ALMOST one in four of the North-East population considers themselves to have a long term health problem or disability.

Meanwhile, the region has the greatest proportion of people in the UK living in rented social housing and has caught up to a certain extent with other regions when it comes to car ownership.

Those are just some of the findings from the latest release of results from the 2011 census, which provides a snapshot of the characteristics of those who live in the region.

Commenting on the results, Ray Hudson, a professor of geography at Durham University and one of its pro vice chancellors, said: “The most significant thing for me is the proportion of people with long term health problems, almost one in four of the population (22 per cent).

“That raises some quite important challenges about health and social care, particularly in the context of the cuts taking place to NHS and local authority budgets.

“To some extent this is a legacy of the sort of industries that have been in the region, but it also reflects things like lifestyle.

“Linked to that, 11 per cent of the population are providing unpaid care for someone with an illness or disability.

“With the population getting older that need for care is likely to increase.

“The census shows there are a real set of issues around public health and the provision of healthcare and how that is going to be coped with.”
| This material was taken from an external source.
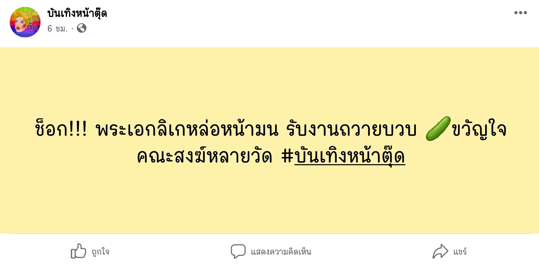 ทางเพจระบุข้อความว่า “ช็อก!!! พระเอกลิเกหล่อหน้ามน รับงานถวายบวบ 🥒ขวัญใจคณะสงฆ์หลายวัด #บันเทิงหน้าตุ๊ด”

Prof Hudson said there was still a third of households with no access to a car who continued to be dependent on public transport.

However where in 2001 – the date of the last census – the North-East had fewer cars and vans that it had households, this was no longer the case in 2011.

When it comes to people’s ethnic origins, the North-East continues to have the least ethnically mixed population.

Ninety five per cent of the population considered themselves ‘white’, while Redcar and Cleveland had the highest proportion (98 per cent) of people considering themselves ‘white British’ in the country.

“We also had the smallest increase in the proportion of foreign born residents and the difference between the North-East and other regions in this respect is growing,” said Prof Hudson.

Looking ahead to the next set of census results, he said it was difficult to see that there would any dramatic reversal in the economic fortunes of the region over the next decade, nor in the general health of the population.

“Many of the gaps that already exist between the North-East and more prosperous parts of the country are likely to get wider,” Prof Hudson added.